Particuliere Initiatieven (PI) op het gebied van internationale samenwerking bestaan al zolang internationale samenwerking bestaat. Tientallen jaren is er echter – in zowel politieke, maatschappelijke als wetenschappelijke zin – alleen aandacht geschonken aan een paar organisaties die het kleinschalige en vrijwillige van het PI waren ontstegen. Tientallen jaren hebben we dan ook net gedaan alsof het PI niet bestond. Dat veranderde in de jaren ’00 van deze eeuw toen niet alleen de eerste wetenschappelijke studies verschenen van dit fascinerende fenomeen en het PI op het netvlies van zowel politiek Den Haag als de grote NGO’s verscheen, maar het PI zelf zich ook nadrukkelijker manifesteerde als een speler in internationale samenwerking (onder andere via de oprichting van Partin). Dit alles leidde tot een groeiende erkenning en liet tegelijk een groeiend zelfbewustzijn zien van deze kleinschalige internationale samenwerkingsspelers. Het moment waarop het PI zelf dan ervaringen op schrift stelt en wereldkundig maakt past perfect in dat groeiende zelfbewustzijn en -vertrouwen en dus bij het idee dat het PI een verhaal te vertellen heeft.
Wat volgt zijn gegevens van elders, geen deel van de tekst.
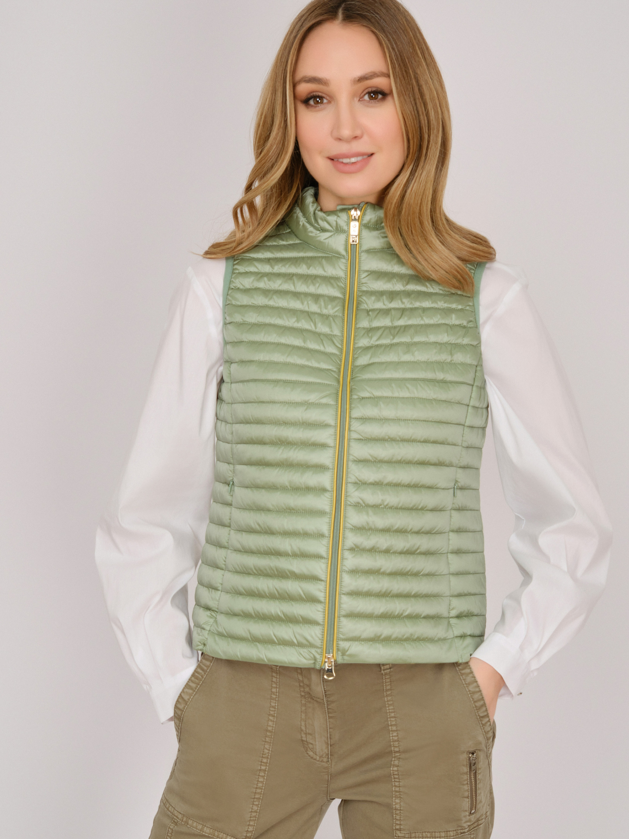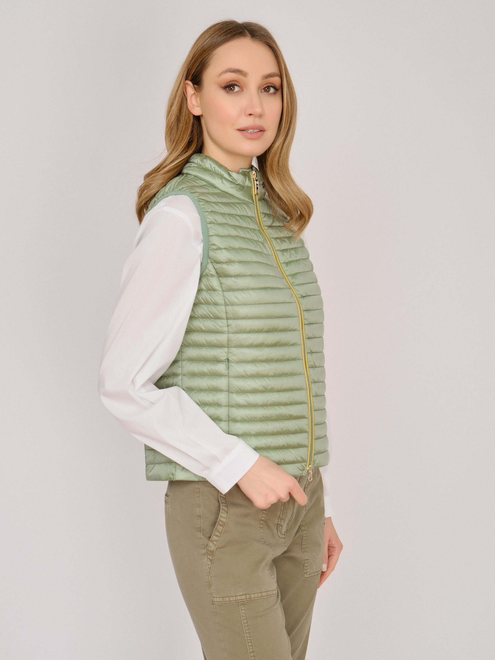 На сайте указаны российские размеры. Полуприталенный стеганный мятный-зеленый жилет на молнии, с карманами в шве на молнии. Длина по спинке: 54 см. Рост модели: 175 см.
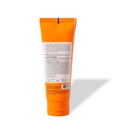 A Vitamina C é um ativo super versátil e possui múltiplas funções que beneficiam a pele. O primeiro destaque vai para sua ação antioxidante, afinal, tudo o que a gente mais quer é uma pele com mais elasticidade e luminosidade. Outro destaque é sua função clareadora, que contribui para a melhoria no aspecto geral da pele, deixando-a mais radiante. E por último, vale falar também que a fórmula desse gel de limpeza possui partículas microabrasivas, que promovem uma esfoliação suave.

Het boek dat Roel en Marianne hebben uitgebracht onder de titel Samen de handen ineen! is een mooi en treffende voorbeeld hiervan. In ruim 200 pagina’s en 25 hoofdstukken wordt de lezer niet alleen door de geschiedenis van hun stichting Harambee Holland gevoerd maar, vooral, door een groot aantal plezierig opgeschreven en niet belerende ‘lessen voor het doen van hulp’. Zo behandelen de auteurs het belang van (lokaal) eigenaarschap, de noodzaak van het centraal stellen van de hulpvraag, de perverse kanten van een ongelijke relatie, de soms moeizame pogingen relaties aan te knopen met allerlei andere spelers (inclusief overheden), en hoe vorm te geven aan het idee dat hulp eindig is (en wellicht moet zijn). Tegelijk geeft het boek een mooie inkijk in twee onlosmakelijk met elkaar verbonden kanten van IS. Aan de ene kant de frustratie als zaken niet goed lopen en de moeilijkheid die het maken van keuzes met zich meebrengt (niemand kan immers alles doen). En aan de andere kant ook – en wellicht vooral – alles wat het werken aan ontwikkeling kan leveren. Leveren voor zowel de mensen voor en met wie Roel en Marianne werken én voor Roel en Marianne zelf. Het plezier dat beide auteurs hebben in ontwikkelingswerk is merkbaar op zo’n beetje elke pagina.

Het boek van Roel en Marianne is daarmee, zoals gezegd, een voorbeeld van groeiend zelfvertrouwen van het PI. Tegelijk: het is veel meer dan dat. Het is een reflectie op hen zelf en op hun werk in de afgelopen 20 jaar met hun stichting Harambee Holland. Het is als zodanig ook een dapper boek: een boek dat hun successen, mislukkingen en teleurstellingen laat zien; een boek waarin de auteurs zich kwetsbaar opstellen maar er sterk uitkomen. Een boek kortom dat gelezen moet worden – om te beginnen door allen die zich op het spannende en uitdagende PI-pad (willen) begeven, maar hopelijk ook door veel anderen.